There are so many checklists floating around the Internet, one gets swamped in the sheer amount of information and confusion reigns supreme. So, we decided to create the mother of all checklists – complete with almost every kind of tip imaginable.

  • Conduct a little research on the builder whose property you are going to buy. Check if he is reputable and his presence in the real estate market. It would be wise to see if he has all the required documents to develop a project in that area, viz. land records, construction clearances, approved building and layout plans, land use certificate, master plan of the area, and no objection certificates from various utility boards.
  • Estimate the total cost of ownership, including parking charges, stamp duty, registration charges, new furniture / furnishings that a customer may have to purchase. All this could contribute to almost 5-20 percent of the bare cost of the apartment.
  • It is important to understand about the final usable area of the apartment, especially in case of apartments under construction. Most of the times, the sale would be on super-built up area. Consumers need to be comfortable with the liveable area they will finally get to use.

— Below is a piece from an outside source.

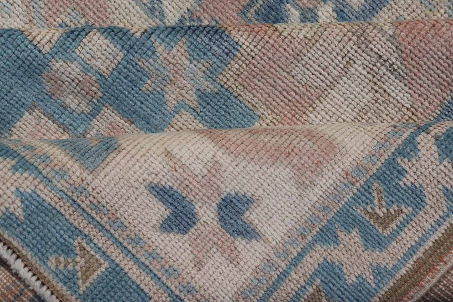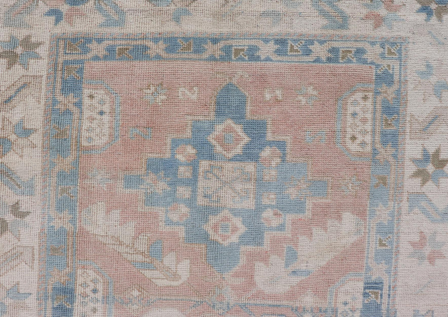This vintage Turkish Oushak rug features an intricately designed medallion's resting in the central field. The design is rendered in a variety of blue, salmon, beige and natural tones which makes this piece very versatile. The subtle border is filled with complementary motifs and imbues the rug with dimension. Turkish Oushak Vintage Carpet, Oushak Vintage Carpet, Turkish Oushak Carpet, Turkish Oushak Vintage Carpet. Blur Oushak, Vintage blue Oushak ,This vintage Oushak is in overall very good to near excellent condition for its age, with even pile throughout.

  • Estimate the total cost of running the home. This will include maintenance charges, property tax, and increased commuting charges as compared to your present place. Please ensure that this fits in your monthly budget.
  • It’s equally important to check whether the building is pet friendly. Societies and apartment complexes cannot object to residents having pets. If you have pets, then this circular will help in case any arguments break out over having pets in your home.

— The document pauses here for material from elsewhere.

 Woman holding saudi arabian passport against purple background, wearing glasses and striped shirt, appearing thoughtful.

  • If you are buying the apartment as an investment, think through the profile of your typical tenant and whether the location of your apartment is good enough for such a tenant. If it is a commuting couple, see if the apartment is close to the railway station
  • Speak with the watchman of the neighbouring building, in case the building you want buy the flat in is under construction, to find out the situation of water supply, electricity supply, availability of domestic help, level of security and safety, neighbourhood grocery stores, deliveries from restaurants, gyms, day care centres, hospitals and schools, depending on your life situation, and your need.
  • Find the average range of prices in the neighbourhood by asking around. One should speak to people in 2-3 neighbouring buildings to get an idea. There could be a range of 5-10 percent difference even within neighbouring buildings, depending on quality of construction, exact configuration of apartment, etc.
  • If you are buying an under-construction apartment, then visit buildings already delivered by the same builder to check out on quality of his construction, assuming that he would deliver minimum quality here. You can ask occupants of the older buildings on whether the building was developed on time, or whether the developers handed over the building to the society amicably.

To sum it up, buying an apartment is possibly the biggest decision you would take, ranking after your marriage and having a child. You have a responsibility towards yourself and towards your family and doing all the above due diligence before buying your apartment, will ensure that you get what you expect.